Many of us are familiar with the term “cause-related marketing.” Sometimes the phrase is applied in a broad sense to any effort to increase public awareness of an important issue. A narrower definition is a campaign by a corporation to support a cause, either (cynically) to promote its own brand or (unselfishly) to lend its support to a worthy pursuit—depending on your point of view.
The Internet, the airwaves, and print media are rife with cause-related marketing. How many times, for instance, have you encountered ads by oil companies and automobile manufacturers touting their “green” practices? Cause-related mapping, on the other hand, is a far less common phenomenon.
What is cause-related mapping? It’s my own term, so I’m happy to propose a definition: It’s the use of maps, in combination with other rich media, to inform and engage the public in support of important causes.

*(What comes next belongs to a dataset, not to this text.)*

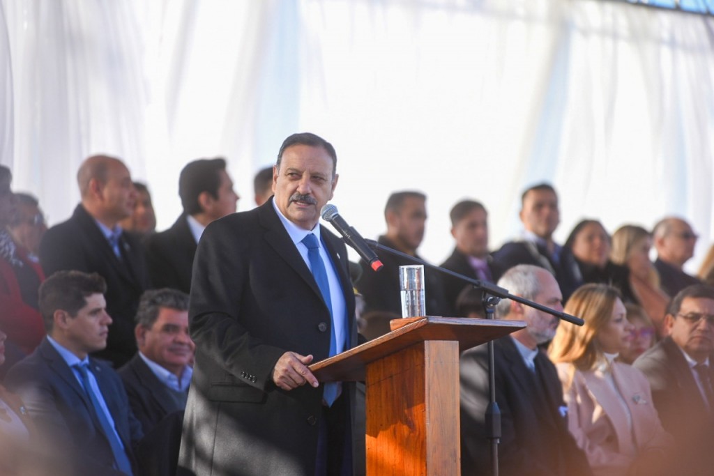 En primera instancia, Quintela saludó a las autoridades presentes, al Ejército Argentino y especialmente a los Granaderos a Caballo que “vinieron a compartir con nosotros una jornada especial”, al igual que a la Brigada Blanca y a la Fuerza Aérea Argentina. Además de todas las alumnas y alumnos que participaron del desfile.

There is vast, untapped potential in cause-related mapping. Consider three facts:
- Every issue you can think of, from climate change to poverty reduction to job creation, has interesting and important geographic characteristics.
- Maps reveal spatial patterns, facilitate understanding, and help us make sense of the world.
- Most people like maps.
And yet how many times can you recall an organization using maps to show you why an issue is important and what you can do about it? Hardly ever, right?
Now that maps are enabled via the Internet and distributed to our laptops, tablets, and smartphones, the potential for using them to catalyze awareness and action has become all the greater. Maps used to tell us stories in a singularly understated way. Now, supercharged by digital technology, distributed instantaneously across electronic networks, and enlivened by innovative user experiences, they’ve become much more active and versatile storytellers.
Our story maps team is beginning to explore this largely uncharted territory of cause-related mapping. One of our early projects highlighted the Global Footprint Network’s insightful examination of the rates at which most nations are overspending their ecological capital:
Recently we teamed up with the National Audubon Society to depict the life cycle of the Piping Plover, a shorebird that nests, precariously, adjacent to Atlantic Coast beaches and is thus in constant conflict with Homo sapiens recreationi. The story reveals the many threats facing these beautiful little birds as they breed, migrate, and winter, and it shows how Audubon is working to protect it at every step of the way.
A few months ago we collaborated with IUCN, the big international conservation organization, to raise awareness of the increasing threat that human activities are bringing to the diverse array of life on earth. The conservation community depends on IUCN’s “Red List” as the definitive catalog of thousands of rare and endangered species worldwide. Our story map profiles a selection of these species via a world map. A click on a map icon generates a species profile, including a close-up range map, photo, text description, and link to technical information.
These examples only hint at the potential of cause-related mapping. Thousands of humanitarian and conservation organizations administer countless projects in nearly every corner of the earth. Yet few people are aware of the vast scope of these operations. Wouldn’t donors be inspired to see the distribution and breadth of these efforts? Wouldn’t you, as a potential donor or volunteer, want to know more about the local, on-the-ground work of the groups that you support? Wouldn’t more people be inspired to support conservation if they could track, in near-real time, the movements of animals across threatened landscapes?
Maps can help turn abstract issues into tangible, understandable, solvable stories. Maps can inspire action. Let’s use them not only to measure and observe the world, but to change it.